Segment Start: Material provided
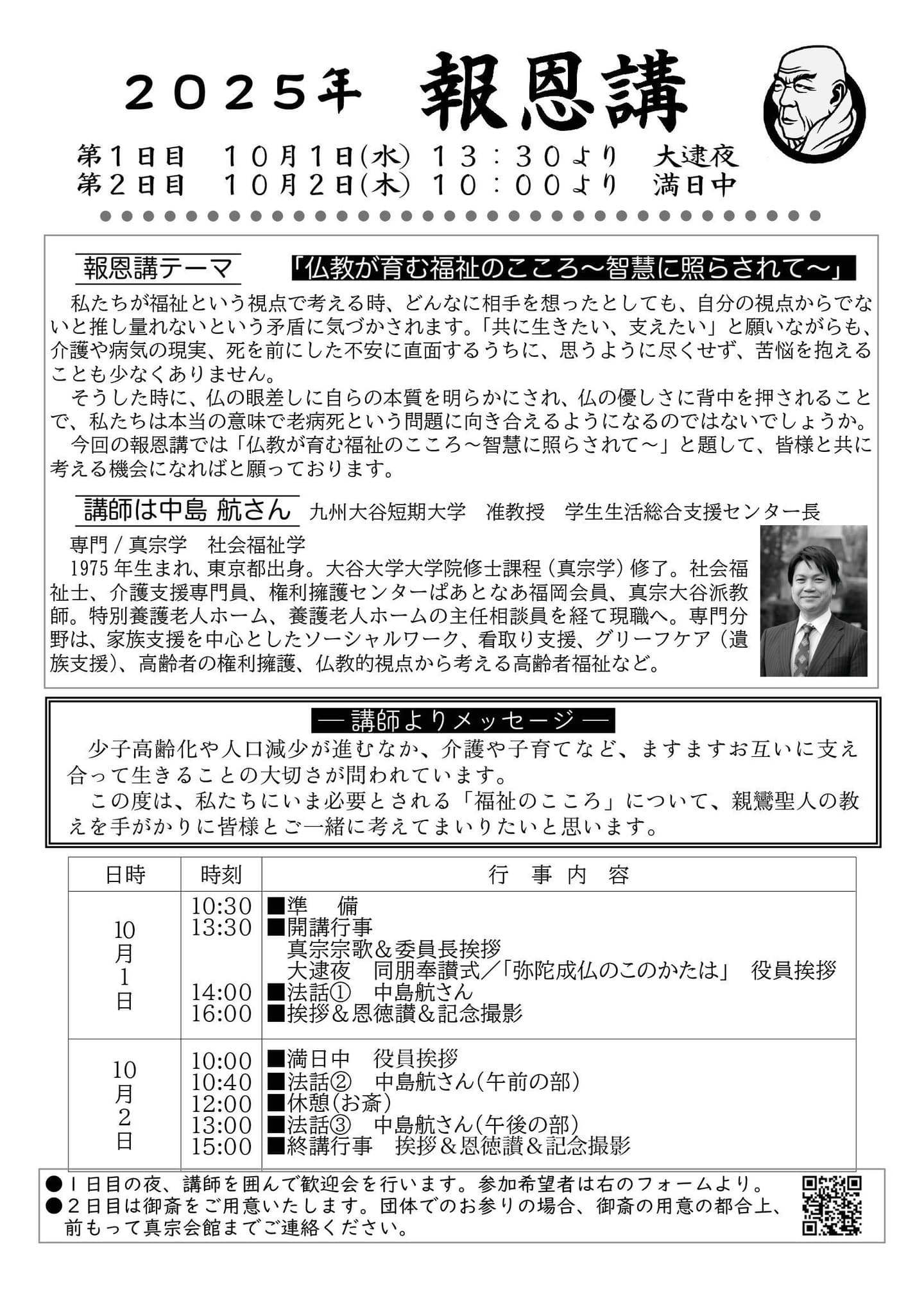 ※ 2日目はお斎をご用意いたします。団体でのお参りの場合、用意の都合上前もって真宗会館までご連絡ください。
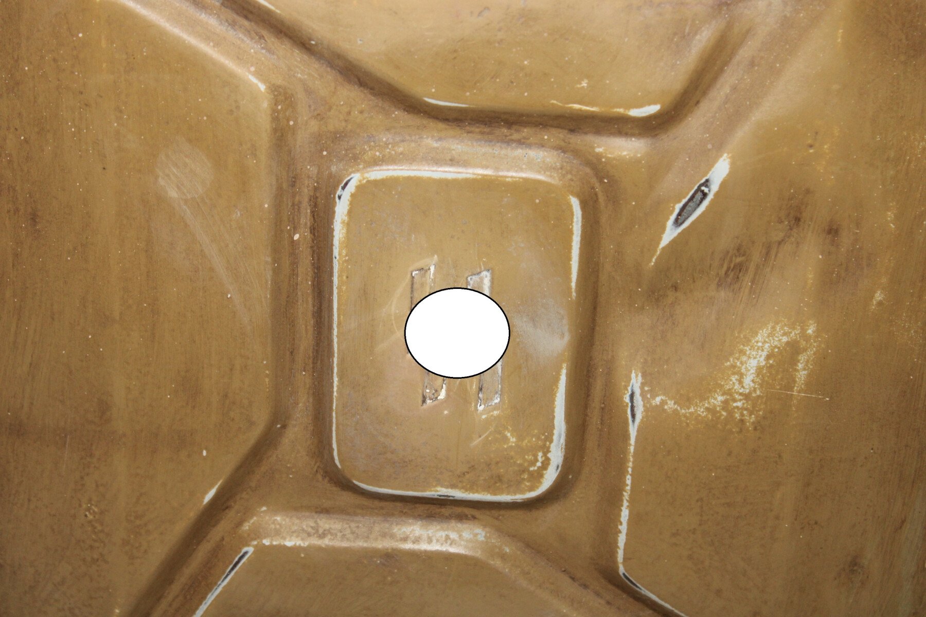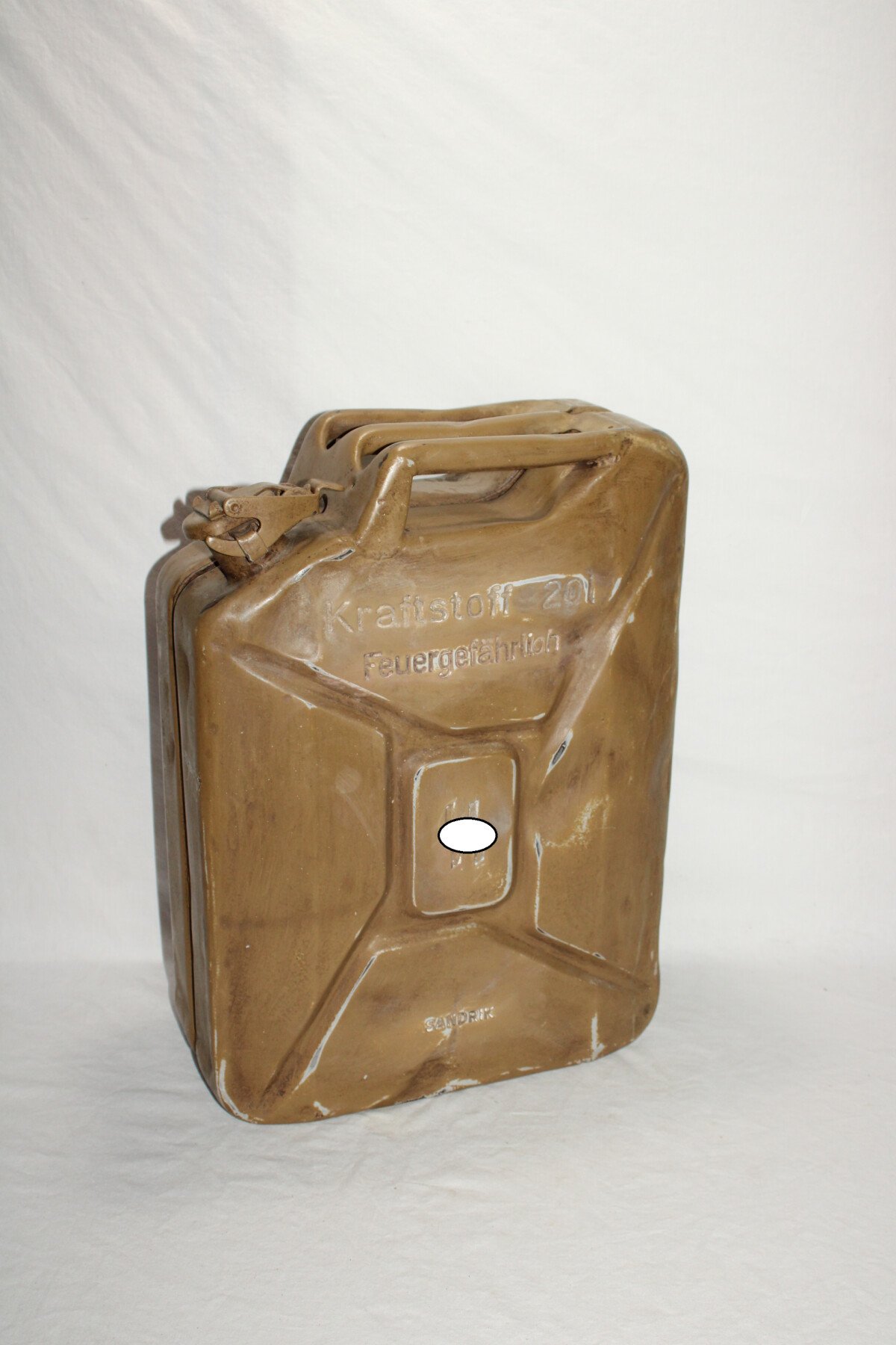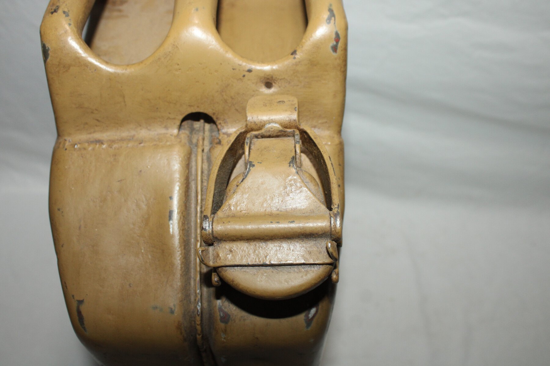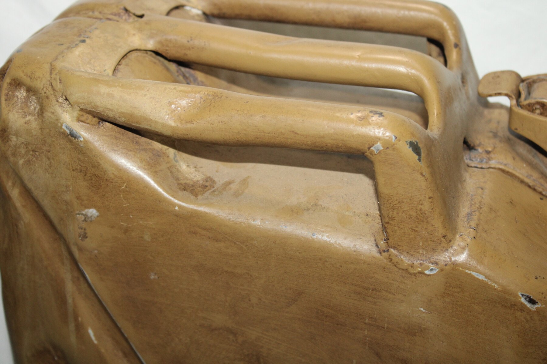 Jerrycan de fabrication pour la Waffen SS. Peinture sable non d'origine. Cabossé à plusieurs endroits. Un petit trous en dessous. Pièce authentique et garantie.
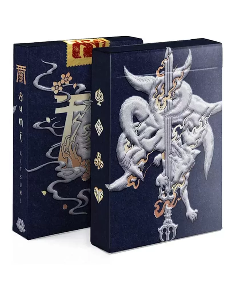 Sumi Kitsune Myth Maker Blue Craft Letterpressed Tuck – Playing Cards este o colecție remarcabilă dedicată pasionaților de artă și colecționării de cărți de joc premium. Acest set emană o energie aparte, îmbinând tradiția japoneză Wabori cu simbolistica misterioasă a Kitsune, oferind astfel o experiență vizuală și tactilă unică.
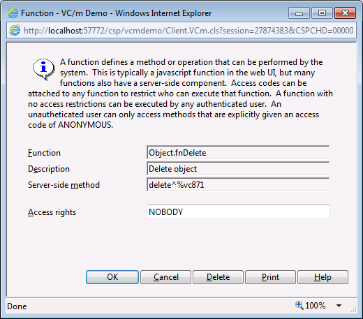 Access rights can be attached to any function to restrict who can execute that function. A function with no access restrictions can be executed by any authenticated user. An unauthenticated user can only access methods that are explicitly given an access right of ANONYMOUS, but do not assign this access right unless advised to do so by support personnel.
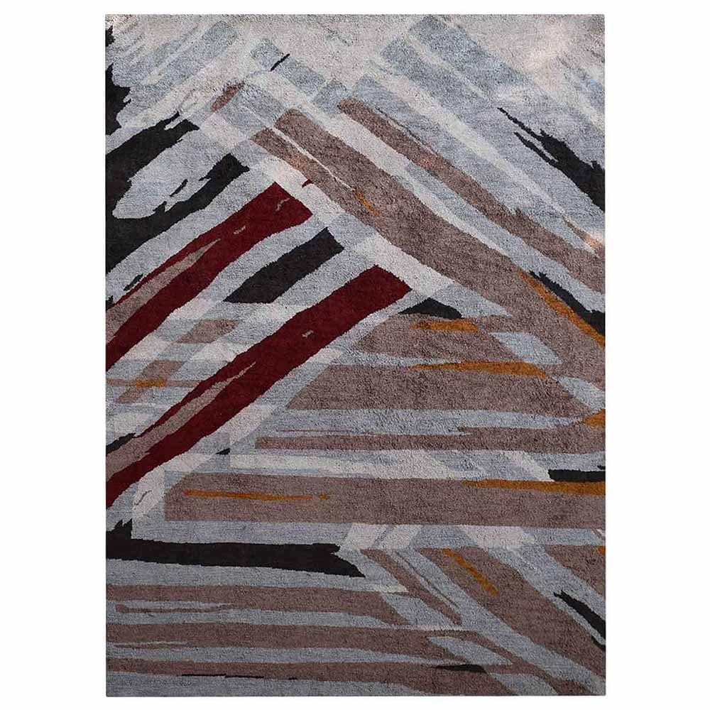 Hand Knotted Silk 6'x9' Area Rug Abstract Multicolor Angled
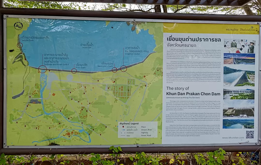 水壩為前九世皇的德政之一。在群山環繞的山林中,費時5年來建造2.5公里長的攔水壩,有效降低下游區的水患,增加農業灌溉的效益。大壩口高93公尺,全水泥打造,目前依然為全泰國最長的大壩。
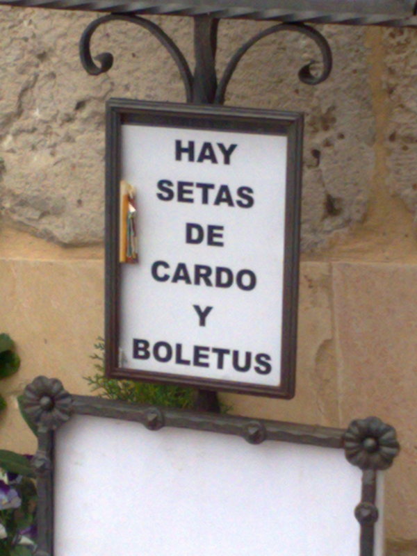 La quedada era a las 10:30 en el camping de la localidad de Riaza,cabeza de la que fue Comunidad de Villa y Tierra, con milicia y justicia a cargo de su propio Concejo. Las huestes leonesas fueron recibidas por la organización, al son de la flauta y el tamboril, con las consabidas pañoletas conmemorativas y el correspondiente número atrasado del boletin micológico de la Federación. Como se llegó tras el madrugón con apetito desbordado, se rebañaron hasta sus últimas consecuencias, los huevos fritos con panceta y longaniza que acompañados de vinillo del DIA, esperaba a los asistentes.
Segment End: Material provided
▶ Task goal: Could you write out, word for word, the lines from the one containing "水壩為前九世皇的德政之一。在" through the last line of the records, leaving out the pictures?

▶ Exercise answer:
 水壩為前九世皇的德政之一。在群山環繞的山林中,費時5年來建造2.5公里長的攔水壩,有效降低下游區的水患,增加農業灌溉的效益。大壩口高93公尺,全水泥打造,目前依然為全泰國最長的大壩。
 La quedada era a las 10:30 en el camping de la localidad de Riaza,cabeza de la que fue Comunidad de Villa y Tierra, con milicia y justicia a cargo de su propio Concejo. Las huestes leonesas fueron recibidas por la organización, al son de la flauta y el tamboril, con las consabidas pañoletas conmemorativas y el correspondiente número atrasado del boletin micológico de la Federación. Como se llegó tras el madrugón con apetito desbordado, se rebañaron hasta sus últimas consecuencias, los huevos fritos con panceta y longaniza que acompañados de vinillo del DIA, esperaba a los asistentes.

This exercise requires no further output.